Venous thrombosis resulting from adjacent otolaryngologic infection is a serious complication requiring proper recognition and management. The involved vasculature and cranial nerve findings are dependent on the anatomic location of the underlying infection. Cranial neuropathies in the presence of these infections should prompt evaluation for possible thrombosis.
头颈部静脉血栓形成是儿童耳鼻喉科感染罕见但可能具有毁灭性的并发症。本研究探讨这种疾病的表现及治疗。
对2007年至2018年在一家三级儿童医院发生耳鼻喉科感染并并发颅颈静脉血栓形成的所有儿科患者进行回顾性病历审查。评估患者的人口统计学资料、表现、感染部位、血栓形成位置、相关病原体、住院时间、手术需求及抗凝方案。

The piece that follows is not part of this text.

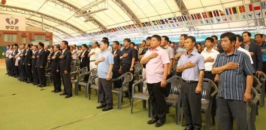 ▲ 25일 무주읍 반딧불체육관에서 열린 무주군 농업경영인 한마음대회에서 참석자들이 국민의례를 하고 있다. 사진제공=농업경영인 무주군연합회

本研究纳入33例患者(平均年龄7.5岁;年龄范围0.8 - 17岁;19例[58%]为男性)。最常见的感染源是耳部感染(n = 20),其次是眼科和鼻窦疾病(n = 9)以及颈部感染(n = 4)。耳部病变继发血栓形成最常见的部位是乙状窦。眼静脉是眼科/鼻窦感染血栓形成最常见的部位。观察到9例第六脑神经麻痹、1例第七脑神经麻痹和1例第三脑神经麻痹。26例患者(79%)需要手术干预。所有出现神经麻痹的患者均需要手术。与耳部和鼻窦感染相比,颈部感染并发血栓形成患者的住院时间明显更长(F[2,30] = 7.08,p = 0.003)。住院时间与入院时体温(r = 0.506,p = 0.003)及C反应蛋白(r = 0.400,p = 0.03)显著相关,但与白细胞计数无关(r = 0.181,p = 0.31)。培养结果主要分离出单一病原体而非多种微生物感染。共鉴定出48种菌种,其中大多数(n = 41/48,85%)为革兰氏阳性菌。α溶血性链球菌是耳部感染继发血管血栓形成患儿中最常见的分离菌种,化脓性链球菌在鼻窦感染中占主导,金黄色葡萄球菌在颈部脓肿中最常见。患者群体中的抗凝管理存在显著差异,但未记录到出血并发症。大多数患者无潜在血栓形成倾向的证据(n = 15);对于高凝筛查呈阳性的患者,最常见的阳性标志物是狼疮抗凝物(n = 6)。
相邻耳鼻喉科感染导致的静脉血栓形成是一种严重并发症,需要正确识别和管理。受累血管系统及脑神经表现取决于潜在感染的解剖位置。这些感染伴有脑神经病变时应促使对可能的血栓形成进行评估。